Я живу в Краснодарском крае, в станице Крыловская, недалеко от знаменитой Кущевки. Отучился на радиотехническом, потом получил высшее заочное на Гидрострое. Заработки у нас в крае небольшие, шибко жизнь не построишь. И многие уезжают — кто на алмазные прииски, а кто, как я, на севера.

В Антарктиде числятся 44 страны. Это материк, который покрыт льдом толщиной в две-три тысячи метров. Вы представляете, что такое материк? Там есть и нефть, и уголь, и золото. Если допустить дележку — будет война. Поэтому страны заключили договор о том, что Антарктида неприкосновенна. Оружие там запрещено, добывать ресурсы нельзя. Можно только производить научные исследования. Наши станции — Мирный, Прогресс, Восток, Беллинсгаузен, Молодежка и моя Новолазаревская.
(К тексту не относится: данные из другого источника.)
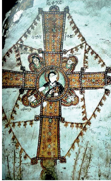
Fig. 5. Votive Cross with Christ at the centre – Sudan National Museum in Khartoum
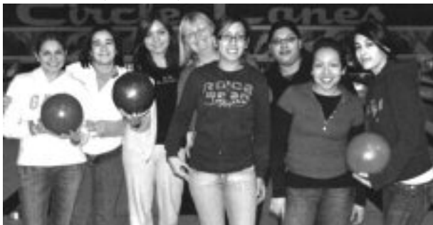
The ladies of the Morton College Classified Chapter make up a formidable team.

The Morton Classified Chapter sponsored an after-in-service bowling and pizza party at Circle Lanes in Forest Park on Friday, February 15.
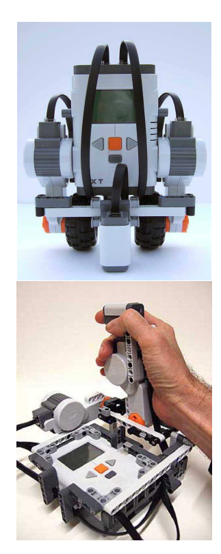
Figure 5. Made robot from NXT [11]
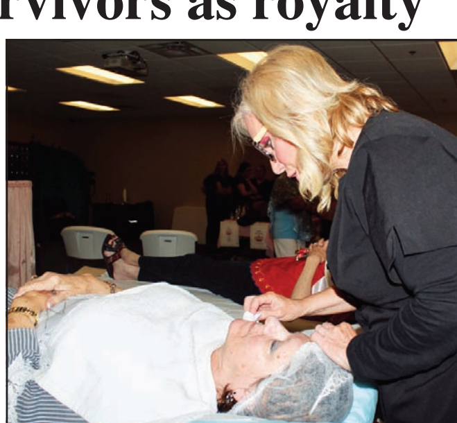
Cancer survivors were treated to a special day of facials, make-up and hair during "Queen for a Day" on April 25.
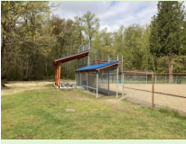
Completion of Osprey Park Baseball Field improvements

Working on a future parking lot behind City Hall
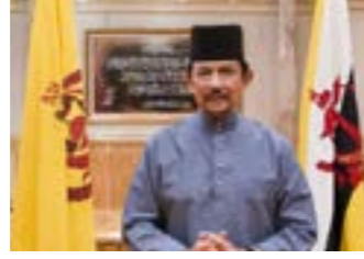
13 Doa crucial for country's prosperity

В Антарктиду корабль выходит из Питера 1 ноября. 25 декабря он на месте. Делает круг по Антарктиде по всем нашим станциям — забирает старую смену полярников и развозит новую. Обратно выходит в апреле, а 6 июня —  снова в Питере. Когда корабль подходит к барьеру — так мы называем край материка — ледокол начинает ломать лед. Он отходит, разгоняется, идет вперед и проламывает немного льда, потом снова назад — так дня три по чуть-чуть добирается до людей, которые ждут на земле. Но новая смена полярников на корабле не дожидается, — их вместе с картошкой и мерзнущими продуктами перевозят вертолетами на станцию.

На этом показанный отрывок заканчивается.